Each and every line below goes into your answer unchanged, but leave out the images.

:: Information shown ::
◆ ◆ ◆

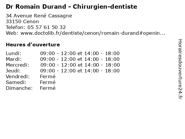 | Lundi | 09:00-12:00 et 14:00-18:00 |
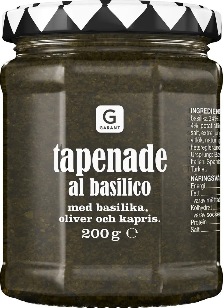 Tapenade al basilico med basilika, oliver och kapris. 200 gram.
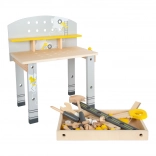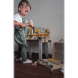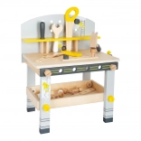 Dzięki realistycznemu designowi stół warsztatowy daje dzieciom możliwość przeżycia prawdziwego warsztatowego doświadczenia i rozwijania ich kreatywności oraz umiejętności motorycznych.

◆ ◆ ◆

:: Finished exercise ::
 | Lundi | 09:00-12:00 et 14:00-18:00 |
 Tapenade al basilico med basilika, oliver och kapris. 200 gram.
 Dzięki realistycznemu designowi stół warsztatowy daje dzieciom możliwość przeżycia prawdziwego warsztatowego doświadczenia i rozwijania ich kreatywności oraz umiejętności motorycznych.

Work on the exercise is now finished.